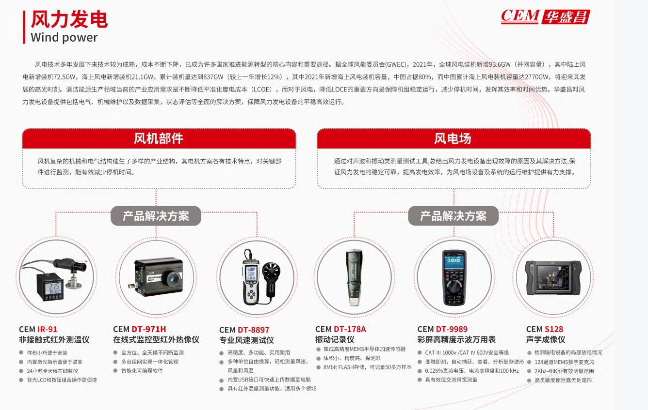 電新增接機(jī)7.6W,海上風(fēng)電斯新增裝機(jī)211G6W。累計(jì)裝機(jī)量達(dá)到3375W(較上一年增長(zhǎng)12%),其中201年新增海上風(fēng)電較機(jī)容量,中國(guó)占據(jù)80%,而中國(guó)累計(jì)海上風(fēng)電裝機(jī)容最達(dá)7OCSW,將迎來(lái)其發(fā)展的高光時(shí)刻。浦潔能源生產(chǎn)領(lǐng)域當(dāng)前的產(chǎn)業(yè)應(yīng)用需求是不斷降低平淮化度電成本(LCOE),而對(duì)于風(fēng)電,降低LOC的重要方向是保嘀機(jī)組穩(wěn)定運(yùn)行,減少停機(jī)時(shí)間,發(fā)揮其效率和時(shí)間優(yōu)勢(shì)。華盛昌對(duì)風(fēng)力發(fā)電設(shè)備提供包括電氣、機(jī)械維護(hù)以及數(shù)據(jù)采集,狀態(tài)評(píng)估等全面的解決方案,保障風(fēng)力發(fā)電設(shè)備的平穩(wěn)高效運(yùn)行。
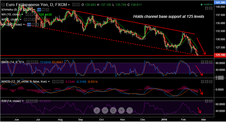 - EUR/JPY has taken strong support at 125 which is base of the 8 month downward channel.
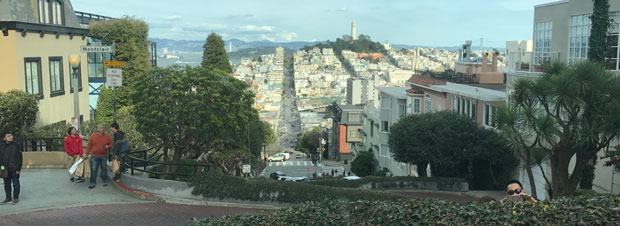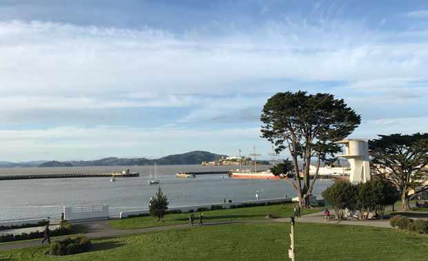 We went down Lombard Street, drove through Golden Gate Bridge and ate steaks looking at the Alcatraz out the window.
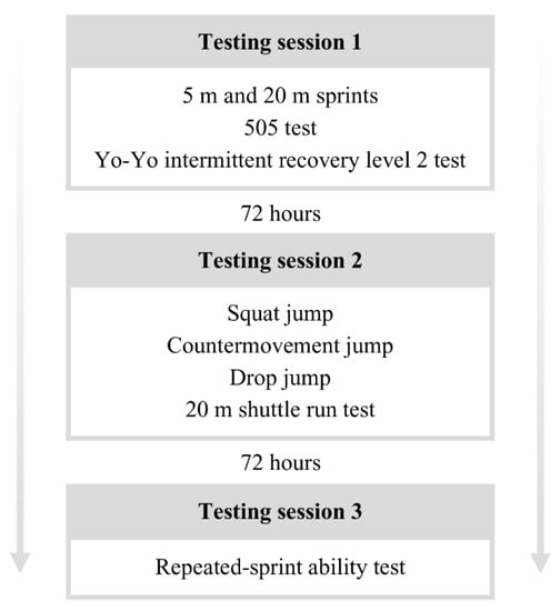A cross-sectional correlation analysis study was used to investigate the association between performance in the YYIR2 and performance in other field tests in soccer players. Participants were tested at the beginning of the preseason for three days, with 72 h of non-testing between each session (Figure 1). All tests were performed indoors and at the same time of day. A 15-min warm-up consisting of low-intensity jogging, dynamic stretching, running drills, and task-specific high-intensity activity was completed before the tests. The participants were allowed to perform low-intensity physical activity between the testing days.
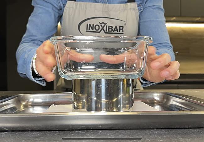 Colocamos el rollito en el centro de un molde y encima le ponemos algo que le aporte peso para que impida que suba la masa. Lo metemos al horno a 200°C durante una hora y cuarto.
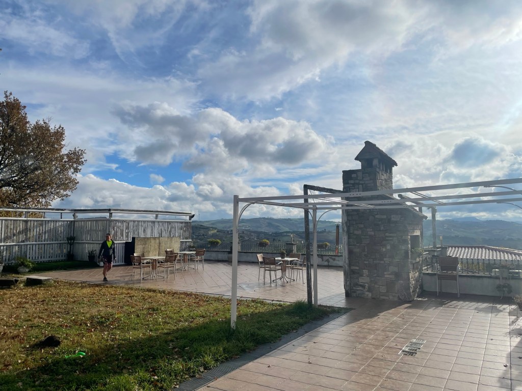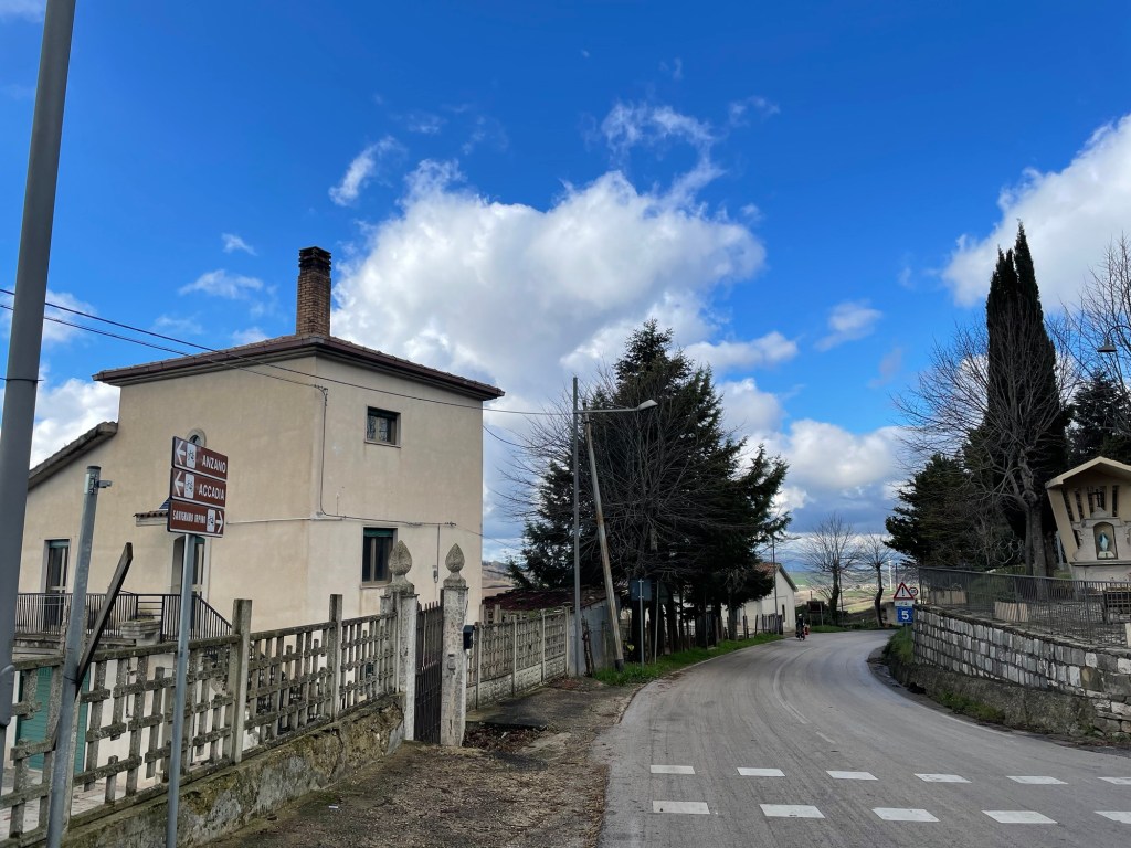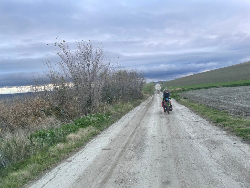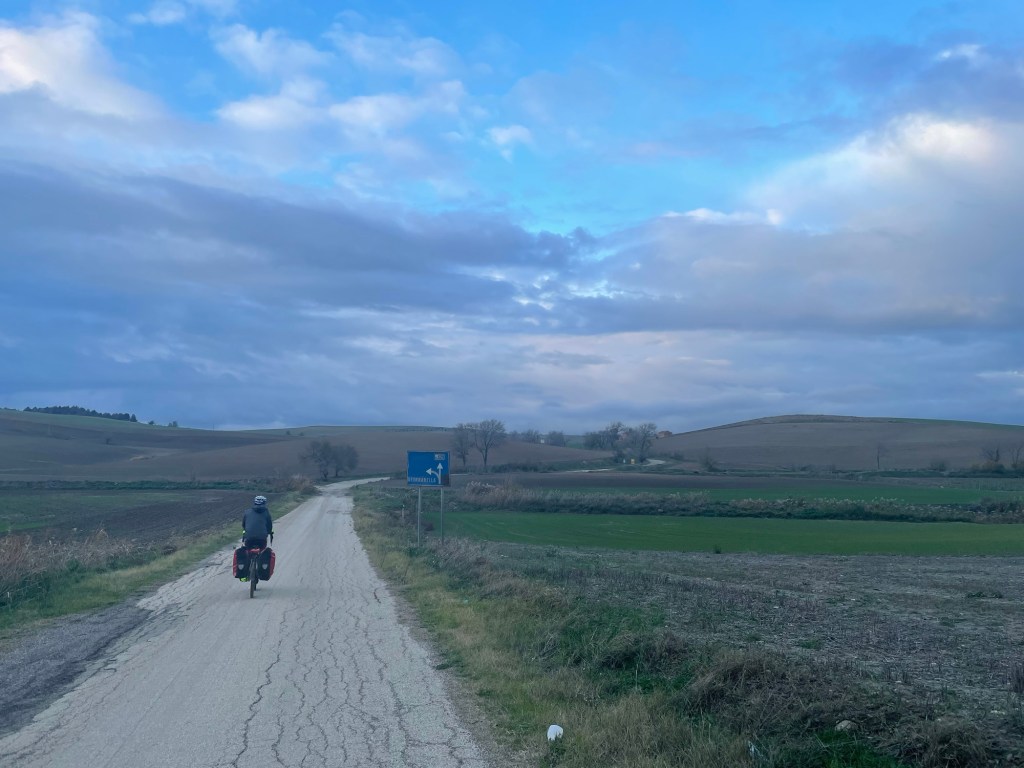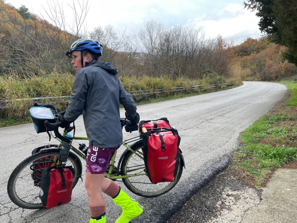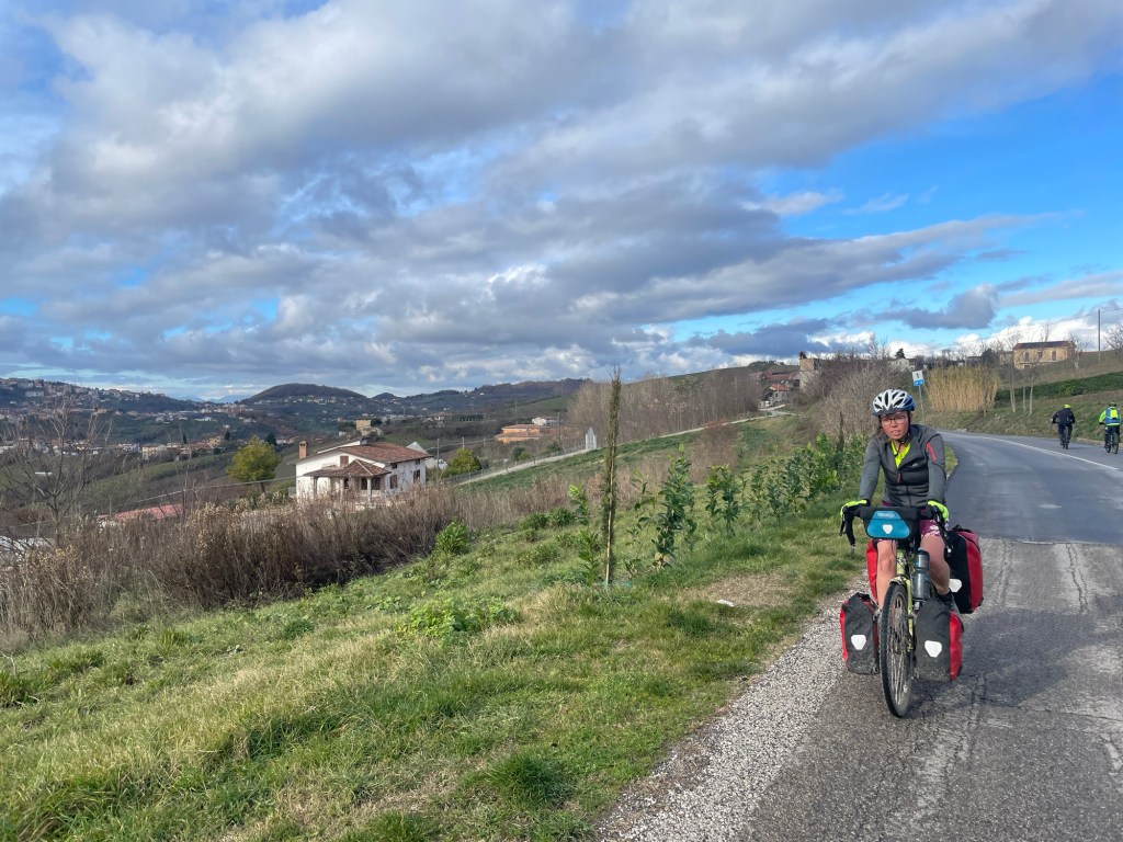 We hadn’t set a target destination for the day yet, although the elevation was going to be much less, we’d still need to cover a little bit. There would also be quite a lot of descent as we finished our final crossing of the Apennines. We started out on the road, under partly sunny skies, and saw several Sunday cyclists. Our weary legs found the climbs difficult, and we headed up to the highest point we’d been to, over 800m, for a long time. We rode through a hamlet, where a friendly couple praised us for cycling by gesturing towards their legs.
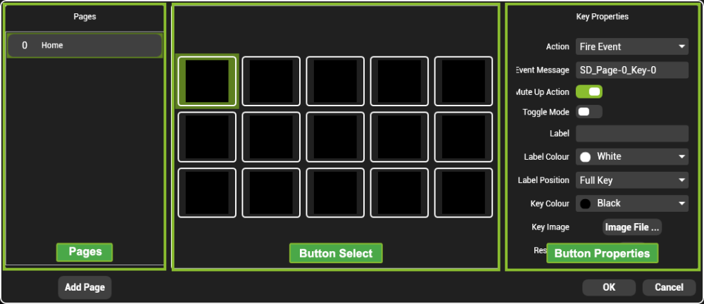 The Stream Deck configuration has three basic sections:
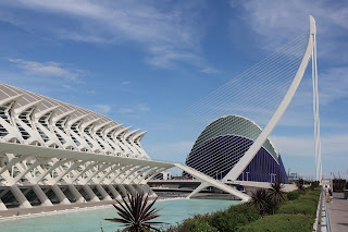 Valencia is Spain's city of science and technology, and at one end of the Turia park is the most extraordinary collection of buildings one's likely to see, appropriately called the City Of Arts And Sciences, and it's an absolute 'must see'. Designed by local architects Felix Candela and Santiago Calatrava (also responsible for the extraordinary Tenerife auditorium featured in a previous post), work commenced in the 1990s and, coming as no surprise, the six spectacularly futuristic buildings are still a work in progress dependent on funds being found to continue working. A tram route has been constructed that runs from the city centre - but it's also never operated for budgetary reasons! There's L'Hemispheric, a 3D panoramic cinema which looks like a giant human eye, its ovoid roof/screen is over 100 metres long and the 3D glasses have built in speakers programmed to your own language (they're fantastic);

——

Your task => Go back to the listing above and write out the lines starting at the one with "We went down" and ending at the one with "The Stream Deck", inclusive, exactly and without pictures.

Solution to this problem =>
 We went down Lombard Street, drove through Golden Gate Bridge and ate steaks looking at the Alcatraz out the window.
A cross-sectional correlation analysis study was used to investigate the association between performance in the YYIR2 and performance in other field tests in soccer players. Participants were tested at the beginning of the preseason for three days, with 72 h of non-testing between each session (Figure 1). All tests were performed indoors and at the same time of day. A 15-min warm-up consisting of low-intensity jogging, dynamic stretching, running drills, and task-specific high-intensity activity was completed before the tests. The participants were allowed to perform low-intensity physical activity between the testing days.
 Colocamos el rollito en el centro de un molde y encima le ponemos algo que le aporte peso para que impida que suba la masa. Lo metemos al horno a 200°C durante una hora y cuarto.
 We hadn’t set a target destination for the day yet, although the elevation was going to be much less, we’d still need to cover a little bit. There would also be quite a lot of descent as we finished our final crossing of the Apennines. We started out on the road, under partly sunny skies, and saw several Sunday cyclists. Our weary legs found the climbs difficult, and we headed up to the highest point we’d been to, over 800m, for a long time. We rode through a hamlet, where a friendly couple praised us for cycling by gesturing towards their legs.
 The Stream Deck configuration has three basic sections:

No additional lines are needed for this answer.